We can theoretically fix this with UUID7 which is time ordered eliminating the ordering problem of UUID4. Let’s see if this improves things. 理论上,我们可以使用按时间排序的 UUID7 来解决这个问题,从而消除 UUID4 的排序问题。让我们看看这是否能改善情况。

(Code omitted for brevity)

Results: Back to a more reasonable number. Still slower than our baseline. UUID blob primary keys are 16 bytes vs int primary keys which are 8 bytes. 结果: 回到了一个更合理的数值。但仍然比我们的基准测试慢。UUID 二进制主键为 16 字节,而整数主键为 8 字节。


UUID4 WITH ROWID

UUID4(带 Rowid)

Now lets try UUID4 WITH ROWID. This means the hidden rowid will be the clustered index. The upside of this is rowid is sequential. The downside is that the table now has two indexes so there will be write amplification. 现在让我们尝试带 rowid 的 UUID4。这意味着隐藏的 rowid 将成为聚簇索引。这样做的好处是 rowid 是顺序的。缺点是表现在有两个索引,因此会产生写放大。

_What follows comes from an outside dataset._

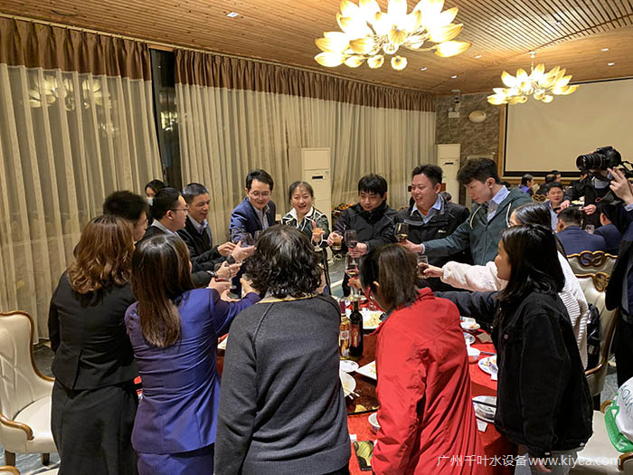 隨后,我們到達清遠美麗鄉(xiāng)村酒家正式進入年會章程。慶典開始,領(lǐng)導對2021年進行總結(jié)及未來規(guī)劃。2021年依舊在疫情陰霾的籠罩下艱難前行,所幸,我們千葉公司人員團結(jié)一心,共克時艱,始終專注于先進水處理產(chǎn)品的研發(fā)、技術(shù)的更新;嚴格把控產(chǎn)品質(zhì)量;客戶優(yōu)先,把服務(wù)做到極致,展望新的2022,我們依然充滿希望。

(Code omitted for brevity)

Results: This doesn’t perform as well as UUID7 WITHOUT ROWID partly because you still building an index with random insertions (even though it’s not the clustered index). 结果: 这种方式的性能不如 UUID7 WITHOUT ROWID,部分原因是即使它不是聚簇索引,你仍然在构建一个包含随机插入的索引。


Conclusion

结论

Hopefully, this post helps illustrate some of the pitfalls with UUID primary keys in SQLite and how to navigate them. 希望这篇文章有助于说明在 SQLite 中使用 UUID 主键的一些陷阱以及如何应对它们。